Project

Fine-tuning GPT models for lexicography

Code
bof/baf/4y/2024/01/1120
Duration
01 January 2024 → 31 December 2025
Funding
Regional and community funding: Special Research Fund
Research disciplines
  • Natural sciences
    • Natural language processing
  • Humanities and the arts
    • African languages
    • English language
    • Lexicography
Keywords
Engels Bantoe Groot Taalmodel Lexicografie Generatieve AI
 
Project description

Soon after the release of ChatGPT, the state of the art of generative AI in lexicography was surveyed (cf. de Schryver 2023).
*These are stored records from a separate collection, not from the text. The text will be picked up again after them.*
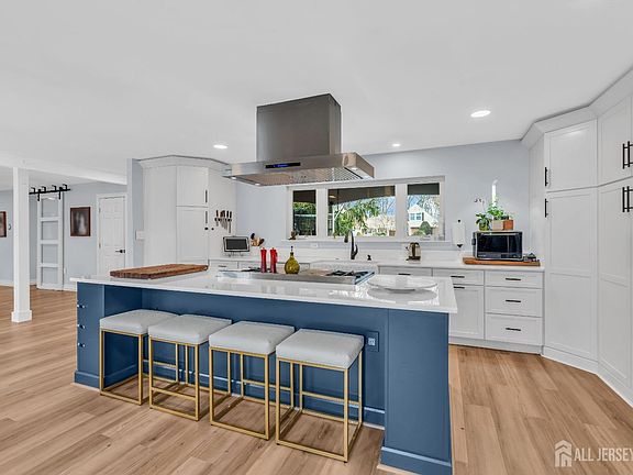 Welcome to this beautifully renovated 3-bedroom, 2-bathroom ranch, offering a spacious open floor plan, modern finishes and plenty of natural lighting. This home is truly move-in ready with high-end upgrades throughout. The interior features newly finished flooring throughout for a fresh, modern feel. A gourmet kitchen with marble countertops, farmhouse sink, walk-in pantry, an oversized built-in Frigidaire, and a Blue Star stove. Expanded custom en suite with home office space & primary bath featuring double sink vanity and marble finishes. Exterior features include a private back yard with a new patio and an expansive 20x30 deck to enjoy outdoor living! This home combines style, comfort, & functionality. Close to Matawan train station, GS Parkway; It offers a convenient commute to NYC!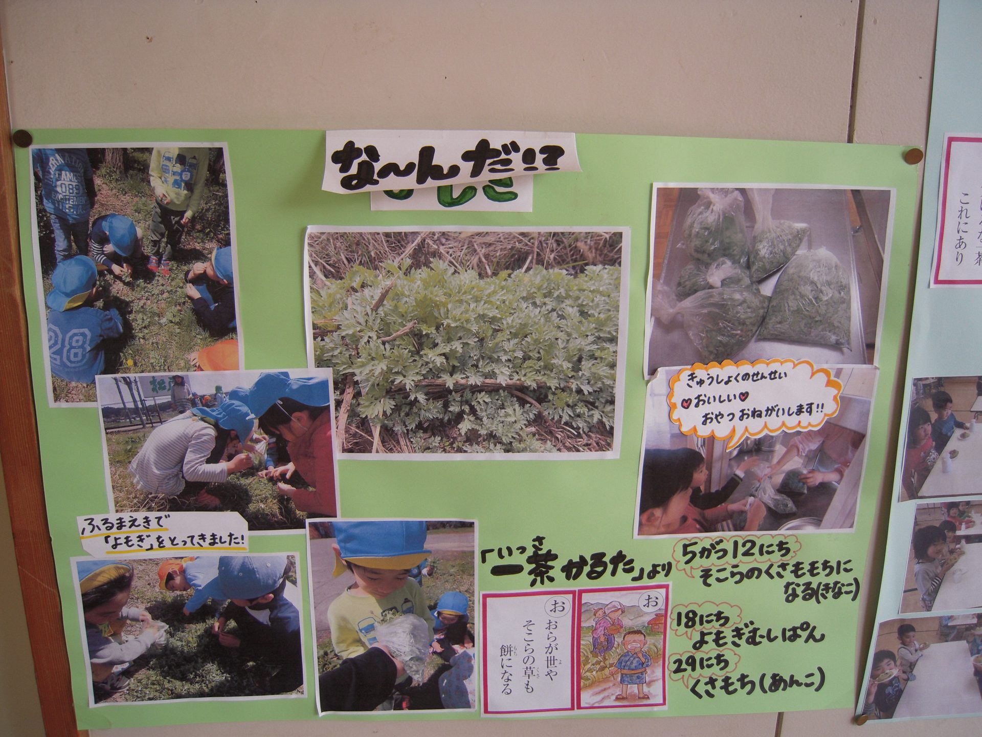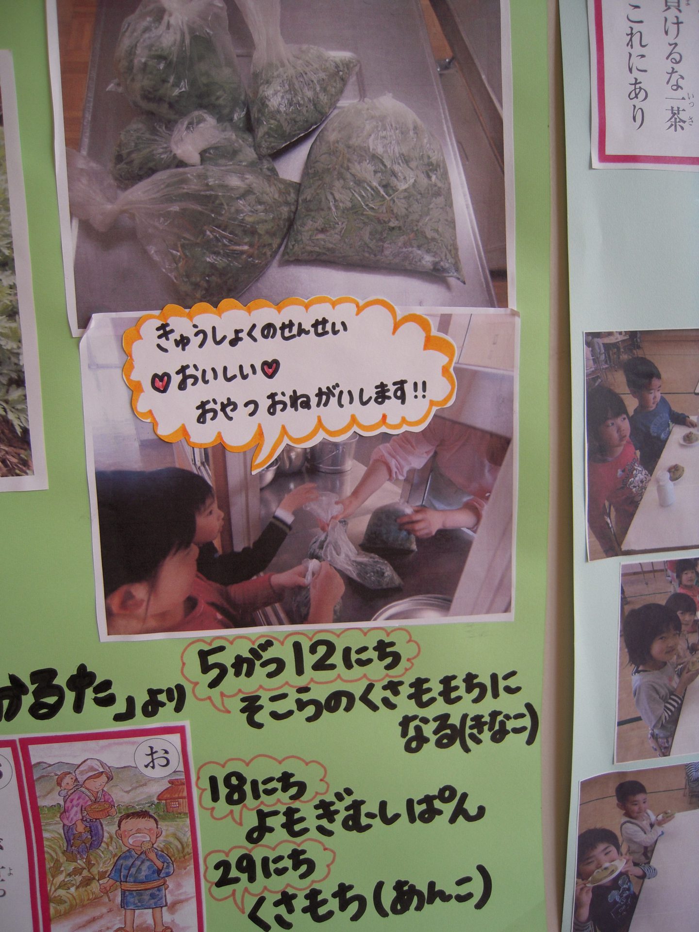 1日目のかえるパンと、金曜日のおやつに提供させていただく、草もちのよもぎ取りの様子が展示されていました。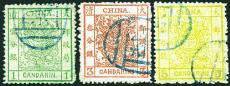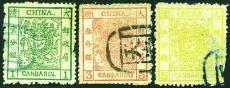 1885 Customs Large Dragon, thick paper, rough perf., 1Cd., 3Cds. And 5Cds., complete set of 3, all used with Tientsin seal cancels
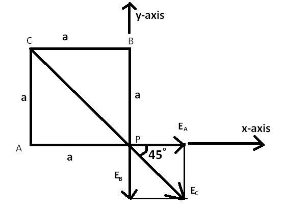 ![\vec E = \vec E_A+\vec E_B +\vec E_C\\=\dfrac{kq}{a^2}\hat i+\dfrac{kq}{a^2}(-\hat j)+\dfrac{kq}{2a^2}\ \dfrac{1}{\sqrt 2}(\hat i-\hat j).\\=\left ( \dfrac{kq}{a^2}+\dfrac{kq}{2\sqrt 2\ a^2} \right )\hat i+\left (\dfrac{kq}{a^2}+\dfrac{kq}{2\sqrt 2\ a^2} \right )(-\hat j)\\=\dfrac{kq}{a^2}\left [\left ( 1+\dfrac{1}{2\sqrt 2} \right )\hat i+\left (1+\dfrac{1}{2\sqrt 2} \right )(-\hat j)\right ]\\=\dfrac{kq}{a^2}(1.353\hat i-1.353\hat j)](https://tex.z-dn.net/?f=%5Cvec%20E%20%3D%20%5Cvec%20E_A%2B%5Cvec%20E_B%20%2B%5Cvec%20E_C%5C%5C%3D%5Cdfrac%7Bkq%7D%7Ba%5E2%7D%5Chat%20i%2B%5Cdfrac%7Bkq%7D%7Ba%5E2%7D%28-%5Chat%20j%29%2B%5Cdfrac%7Bkq%7D%7B2a%5E2%7D%5C%20%5Cdfrac%7B1%7D%7B%5Csqrt%202%7D%28%5Chat%20i-%5Chat%20j%29.%5C%5C%3D%5Cleft%20%28%20%5Cdfrac%7Bkq%7D%7Ba%5E2%7D%2B%5Cdfrac%7Bkq%7D%7B2%5Csqrt%202%5C%20a%5E2%7D%20%5Cright%20%29%5Chat%20i%2B%5Cleft%20%28%5Cdfrac%7Bkq%7D%7Ba%5E2%7D%2B%5Cdfrac%7Bkq%7D%7B2%5Csqrt%202%5C%20a%5E2%7D%20%5Cright%20%29%28-%5Chat%20j%29%5C%5C%3D%5Cdfrac%7Bkq%7D%7Ba%5E2%7D%5Cleft%20%5B%5Cleft%20%28%201%2B%5Cdfrac%7B1%7D%7B2%5Csqrt%202%7D%20%5Cright%20%29%5Chat%20i%2B%5Cleft%20%281%2B%5Cdfrac%7B1%7D%7B2%5Csqrt%202%7D%20%20%5Cright%20%29%28-%5Chat%20j%29%5Cright%20%5D%5C%5C%3D%5Cdfrac%7Bkq%7D%7Ba%5E2%7D%281.353%5Chat%20i-1.353%5Chat%20j%29)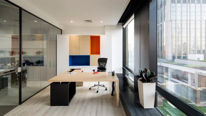 旅游公司總經(jīng)理辦公室設計:總經(jīng)理辦公室位于空間的一側,在與總經(jīng)理交流的時候,設計師了解到總經(jīng)理本人喜歡簡單一點,此地采光、風景、位置俱佳,即滿足辦公的需求,同時也滿足休閑的需求。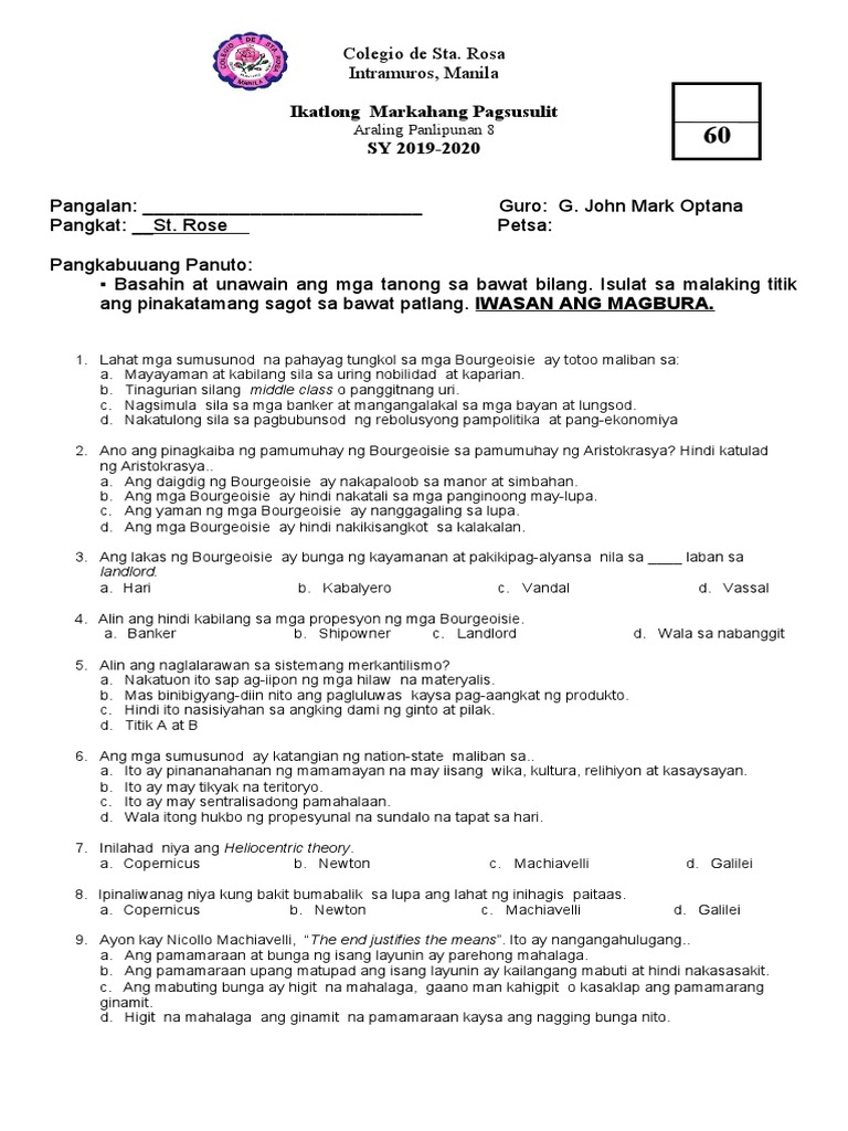 Mahalagang katangian ng nation-state sa panahong ito ang pagkakaroon ng sentralisadong pamahalaan sa ilalim ng isang pambansang monarkiya na may kakayahan at kapangyarihan na magpatupad ng batas sa buong nasasakupan. 1 Sino ang tinutukoy sa akda na lumuha 2 Ano ang mga. Ipaliwanag ang epekto o bunga ng Unang Digmaang Pandaigdig.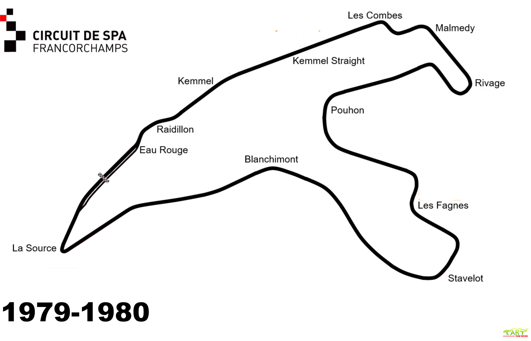 After Masta, and at the end of the subsequent Holowell Straight, there used to be a sharp hairpin at the entrance to the town itself, which was later bypassed by a quicker, banked right hand corner. Another fast section of road in the forest leads to Blanchimont. Here, the new short Grand Prix track of 1979 joins the old layout.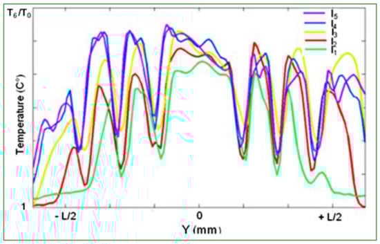 As it can be seen in Figure 9, the variation of the vertical loading has a direct influence on the thermal evolution of the tire tread, but the variation in temperature levels seems to be smaller than those induced by the skidding angle. For loadings lower than 100 kN (l1, l2), the vertical load seems to be not high enough to influence the whole contact patch; it could be related to the tire structure, which is designed to operate at high loading. For loadings beyond 260 kN (l4, l5), no major influence of the vertical loading is noticeable. The amount of heat induced by loadings l4 or l5 over the heat level of loading l3 is lower than 10 °C.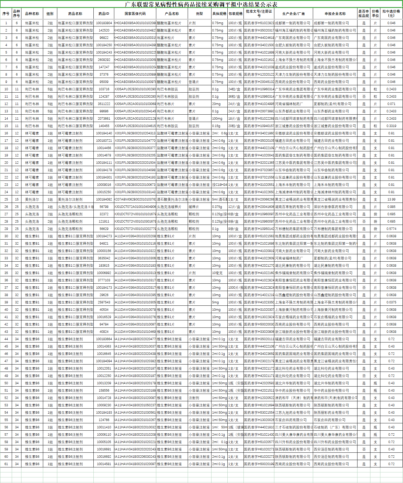 附件:广东联盟常见病慢性病药品接续采购调平拟中选结果公示表.xls 公示期仅3天 企业需抓紧核查结果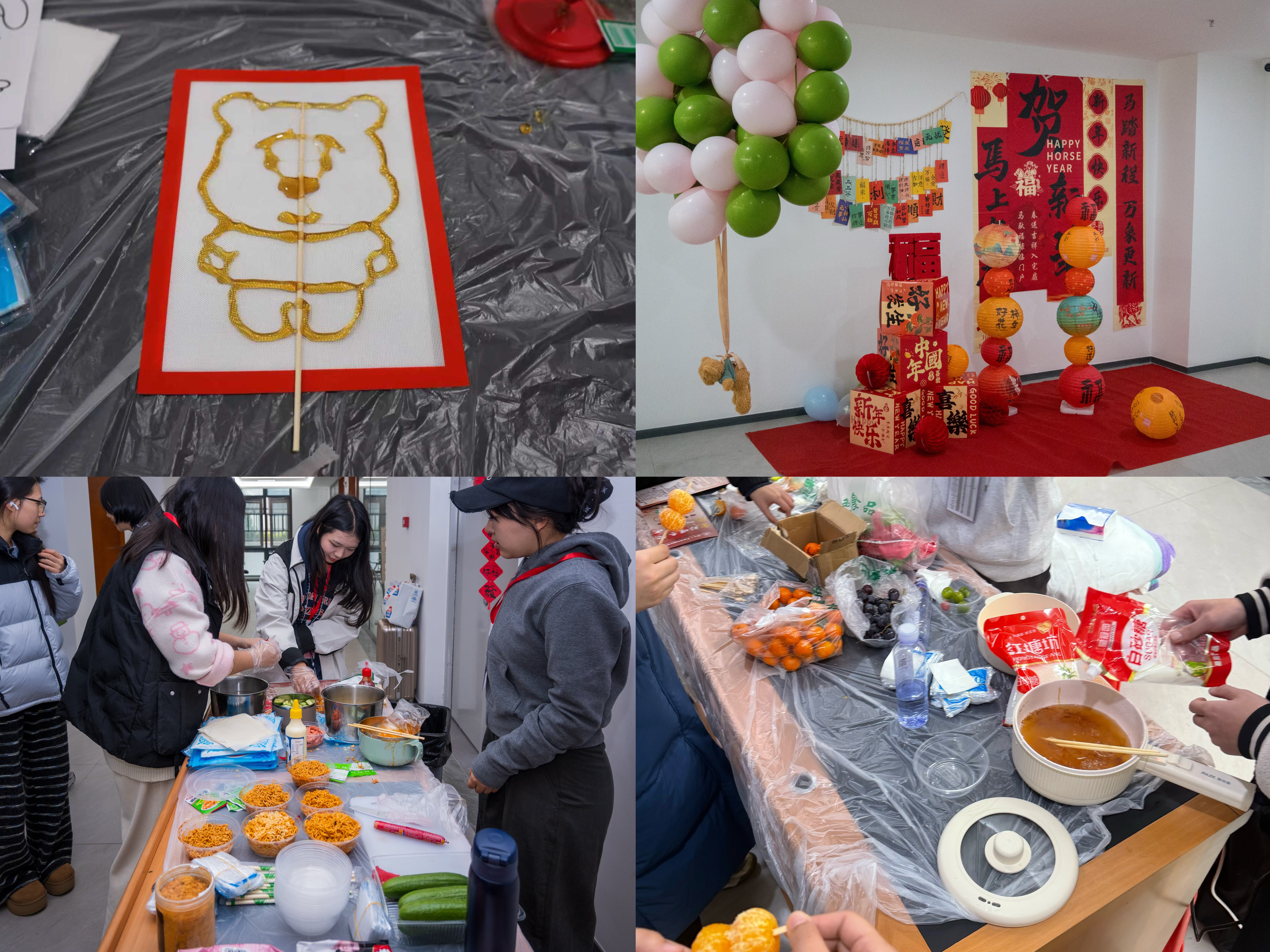 诗词互动区文化氛围浓郁,师生们对诗联句,打卡国风场景拍照,在古典诗词的韵律中感受中华文化的深厚底蕴。美食制作区同样人头攒动,师生们亲手制作糖葫芦、创意春卷、非遗糖画等美食,在动手中传承年味,在美食香气中感受节日温暖。

If one is to believe that survey, as well as many subsequent studies (esp. Lew and colleagues 2024), generative AI has now made lexicographers, as well as dictionaries themselves, redundant. However, these studies conveniently assume that because it works for English, it will work for any other language. It is time to reveal the truth. Pairing any other language with English only produces look-alikes: the lexicographic material appears to be sound, until one scratches the surface and realises that what was generated is ‘translated English’. When it comes to dictionaries for languages of limited diffusion, the use of existing models mostly produce gibberish. In this research project, various comparisons will be made between out-of-the-box, customisation and fine-tuned GPT models for lexicography, with a focus on monolingual dictionaries for undocumented Bantu languages.